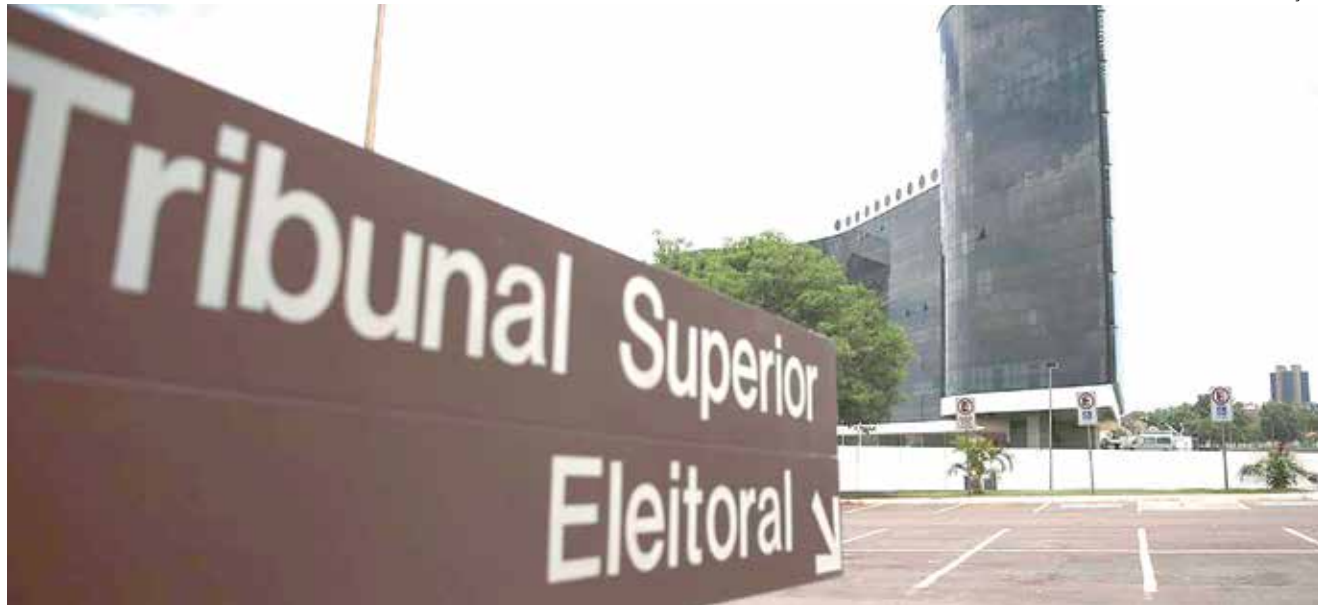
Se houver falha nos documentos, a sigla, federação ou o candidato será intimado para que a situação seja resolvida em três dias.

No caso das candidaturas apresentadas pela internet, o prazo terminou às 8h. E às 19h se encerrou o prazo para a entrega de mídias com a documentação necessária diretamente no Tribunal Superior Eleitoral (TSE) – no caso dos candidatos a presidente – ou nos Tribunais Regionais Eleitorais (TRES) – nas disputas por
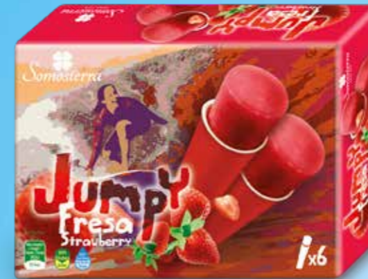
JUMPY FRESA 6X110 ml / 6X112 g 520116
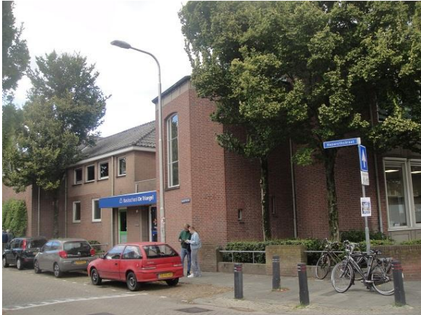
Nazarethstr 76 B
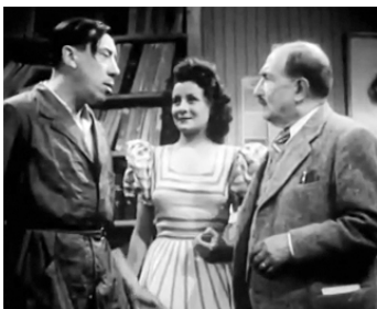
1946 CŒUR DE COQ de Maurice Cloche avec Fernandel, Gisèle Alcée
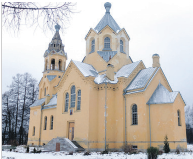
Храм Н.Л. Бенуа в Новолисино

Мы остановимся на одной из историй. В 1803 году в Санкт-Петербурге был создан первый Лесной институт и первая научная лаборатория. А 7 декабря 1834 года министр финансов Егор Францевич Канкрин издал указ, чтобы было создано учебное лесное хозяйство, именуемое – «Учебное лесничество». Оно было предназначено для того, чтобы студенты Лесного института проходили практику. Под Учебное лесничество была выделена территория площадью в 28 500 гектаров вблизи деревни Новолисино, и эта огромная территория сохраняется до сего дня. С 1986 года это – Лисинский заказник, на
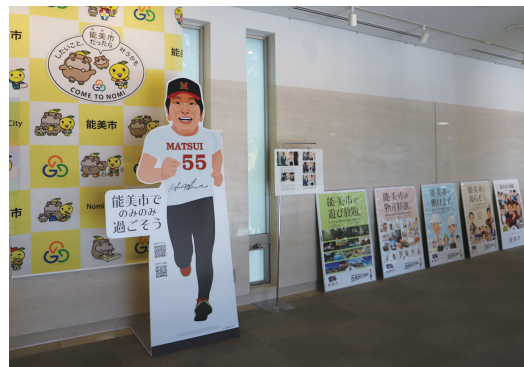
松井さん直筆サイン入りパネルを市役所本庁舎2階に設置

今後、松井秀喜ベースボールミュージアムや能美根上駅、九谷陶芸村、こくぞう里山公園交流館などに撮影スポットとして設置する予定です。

::::

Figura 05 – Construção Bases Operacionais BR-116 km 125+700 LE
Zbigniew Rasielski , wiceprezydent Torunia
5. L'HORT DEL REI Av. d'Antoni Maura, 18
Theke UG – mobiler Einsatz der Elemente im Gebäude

::::

## Problem to work on
Set down again, word for word, every line from the one with "Se houver falha" to the one with "今後、松井秀喜ベースボールミ" in the entries above, and omit the pictures.

## Exercise response
Se houver falha nos documentos, a sigla, federação ou o candidato será intimado para que a situação seja resolvida em três dias.

No caso das candidaturas apresentadas pela internet, o prazo terminou às 8h. E às 19h se encerrou o prazo para a entrega de mídias com a documentação necessária diretamente no Tribunal Superior Eleitoral (TSE) – no caso dos candidatos a presidente – ou nos Tribunais Regionais Eleitorais (TRES) – nas disputas por
JUMPY FRESA 6X110 ml / 6X112 g 520116
Nazarethstr 76 B
1946 CŒUR DE COQ de Maurice Cloche avec Fernandel, Gisèle Alcée
Храм Н.Л. Бенуа в Новолисино

Мы остановимся на одной из историй. В 1803 году в Санкт-Петербурге был создан первый Лесной институт и первая научная лаборатория. А 7 декабря 1834 года министр финансов Егор Францевич Канкрин издал указ, чтобы было создано учебное лесное хозяйство, именуемое – «Учебное лесничество». Оно было предназначено для того, чтобы студенты Лесного института проходили практику. Под Учебное лесничество была выделена территория площадью в 28 500 гектаров вблизи деревни Новолисино, и эта огромная территория сохраняется до сего дня. С 1986 года это – Лисинский заказник, на
松井さん直筆サイン入りパネルを市役所本庁舎2階に設置

今後、松井秀喜ベースボールミュージアムや能美根上駅、九谷陶芸村、こくぞう里山公園交流館などに撮影スポットとして設置する予定です。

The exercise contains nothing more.